1. Go to https://datafordeler.dk/ <br>
Click on "log in" and create a new web user. You should get a user name and password to access datafordeler. <br>
<br>
2. With your username and password, log in to the datafordeler self-service to retrieve data: <br> https://selfservice.datafordeler.dk/ <br>
<br>
3. It's not intuitive, but your account is linked to several "users", each with different permissions. Check the Users tab (Brugere) - if you only have the user "Webbruger", you need to create a new one. Click on the + tab and create a service user with the "user name and access code" method.<br>
<br>
4. You are now ready to request public data on datafordeler. Go to the Downloads tab (Filudtræk). You should see an empty field - that's because you haven't requested data yet. To get access to data, you need to create a download. You have three choices:<br> - Clicking Opret will allow you to create a permanent download button, that is kept up to date and that you can use multiple times.<br> - Clicking Download will allow you to request a one-time download of the dataset.<br> - Clicking Predefined will allow you to download a dataset with a fixed set of parameters (instead of customizing everything). In particular, you can use Predefined to download the BBR dataset with only up-to-date entries, in JSON or XML format. <br>
<br>
5. You should now see a list of all available downloads. Give your download a name (Visningsnavn) and select BBR Totaludtræk in the list (or BBR Aktuelt Totaludtræk if using Predefined). Click Next. If you chose Opret or Download, you can now adjust a lot of parameters, such as downloading entries for only a specific municipality. If you used Predefined, the parameters are locked.<br><br>

6. Click Save (Gem). You will be taken back to the Download tabs. If you used Opret or Predefined, you should see your data subscription there. You can modify or delete it if you don't think that you will need to download it again in the future. You will receive an email with information on how to get your data.<br>
<br>
7. Actually getting the data is a bit tricky: you cannot download it from Datafordeler directly. You need to use a FTP client like https://filezilla-project.org/ <br>
Download and install FileZilla. When you launch it, enter the address provided in the email you got from Datafordeler, as well as your Datafordeler service user number (*not* your initial username: this is the user number you created in step 3) and password. Click Connect, and you should finally be able to see and download your files! 



### Note on file format

Because BBR is a very large dataset (if you download the whole thing), your computer will run out of memory when trying to parse it in one chunk. For this reason, we want to parse the file iteratively. Doing this with an XML file is relatively straightforward on Python, but takes a lot of time. Working with a JSON file requires installing a specific package, *ijson*, to allow for iterative parsing - but it will be faster. In this notebook, we will work with the JSON format.

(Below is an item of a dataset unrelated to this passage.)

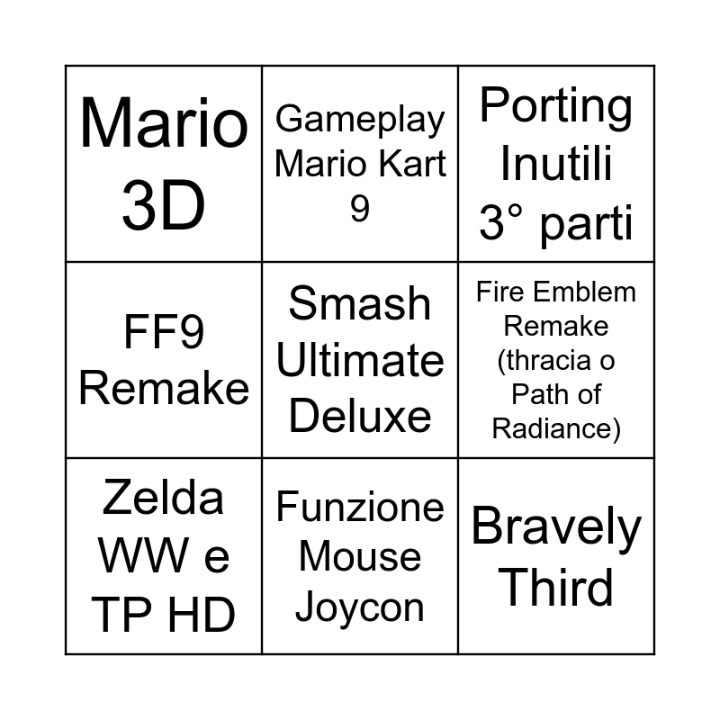 This bingo card has a free space and 8 words: Fire Emblem Remake (thracia o Path of Radiance), Porting Inutili 3° parti, Gameplay Mario Kart 9, Zelda WW e TP HD, Mario 3D, Bravely Third, FF9 Remake and Funzione Mouse Joycon.
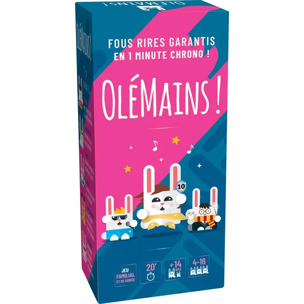 Avec Olémains les joueurs se prennent au jeu pour une ambiance délirante. Il faut dire que les consignes et surtout les gages sont hilarants. En recherche d’autres jeux conviviaux ? Découvre aussi Bananagrams pour passer des soirées mémorables ! Retrouve toutes les idées d’activités à faire avec les amis et les proches en boutique et sur JouéClub.fr.

# 2) Inserting values in the PostgresQL database

Before retrieving values from the database, we need to define a function that will process these values and insert them into the database. Here the idea is to write a function that inserts one row into the database. It takes as input a Python dictionary where values of various parameters for the building are recorded. You need to adjust the SQL code to fit the names of your table and columns.

### Setup

In [None]:
import psycopg as pg # Package to communicate between Python and PostgresQL

In [None]:
dbparams='dbname=macrocomponents user=postgres password=mypassword' # Write the parameters to connect to your PostgresQL database here.

In [None]:
# Write here the parameters you want to retrieve from the BBR data file. These need to be the same names as in BBR, in Danish. See the end of this notebook for a full list of parameters.
parameters=['id_lokalId','kommunekode', 'byg007Bygningsnummer', 'jordstykke', 'grund', 'husnummer', 'byg404Koordinat', 'byg026Opførelsesår', 'byg027OmTilbygningsår', 'byg021BygningensAnvendelse', 'byg041BebyggetAreal', 'byg038SamletBygningsareal', 'byg039BygningensSamledeBoligAreal', 'byg040BygningensSamledeErhvervsAreal', 'byg042ArealIndbyggetGarage', 'byg043ArealIndbyggetCarport', 'byg044ArealIndbyggetUdhus', 'byg045ArealIndbyggetUdestueEllerLign', 'byg046SamletArealAfLukkedeOverdækningerPåBygningen', 'byg047ArealAfAffaldsrumITerrænniveau', 'byg048AndetAreal',  'byg049ArealAfOverdækketAreal', 'byg032YdervæggensMateriale', 'byg050ArealÅbneOverdækningerPåBygningenSamlet', 'byg051Adgangsareal',  'byg054AntalEtager', 'byg055AfvigendeEtager', 'byg033Tagdækningsmateriale', 'byg034SupplerendeYdervæggensMateriale', 'byg035SupplerendeTagdækningsMateriale', 'byg036AsbestholdigtMateriale', 'byg056Varmeinstallation', 'byg057Opvarmningsmiddel', 'byg058SupplerendeVarme', 'byg071BevaringsværdighedReference', 'byg130ArealAfUdvendigEfterisolering', 'byg150Gulvbelægning', 'byg151Frihøjde']

### Insertion function

In [None]:
def insert_bbr_from_dict(row_dict):
    # We first convert the dictionary into a tuple, since the PostgresQL insertion function takes a tuple as input
    # The dictionary keys are the names of parameters from BBR, in Danish
    l=list()
    ks=row_dict.keys()
    for k in ks:
        l.append(row_dict[k])
    row_tuple=tuple(l)
    
    # Building the SQL query to insert values in the database.     
    sql ="INSERT INTO buildings("
    for k in ks:
        sql+=k+', '
    sql=sql[0:len(sql)-2]+') VALUES('
    for n in range(len(ks)):
        sql+='%s, '
    sql=sql[0:len(sql)-2]+') ON CONFLICT ON CONSTRAINT buildings_pkey DO UPDATE SET ('
    for k in ks:
        sql+=k+', '
    sql=sql[0:len(sql)-2]+') = ('
    for k in ks:
        sql+='EXCLUDED.'+k+', '
    sql=sql[0:len(sql)-2]+');'
    
    connector = None
    bbrid = None
    
    try:
        # connect to the PostgreSQL database
        connector = pg.connect(dbparams)
        # create a new cursor
        cur = connector.cursor()
        # execute the INSERT statement
        cur.execute(sql, row_tuple)
        # commit the changes to the database
        connector.commit()
        # close communication with the database
        cur.close()
        
    except (Exception, pg.DatabaseError) as error:
        print(row_tuple)
        print(error)
        
    finally:
        if connector is not None:
            connector.close()

Note: it is possible to write a slightly simpler function that inserts all rows at once, using the *executemany* method instead of *execute*. However, that requires building a dictionary with all rows first - and we want to avoid this due to the size of the dataset.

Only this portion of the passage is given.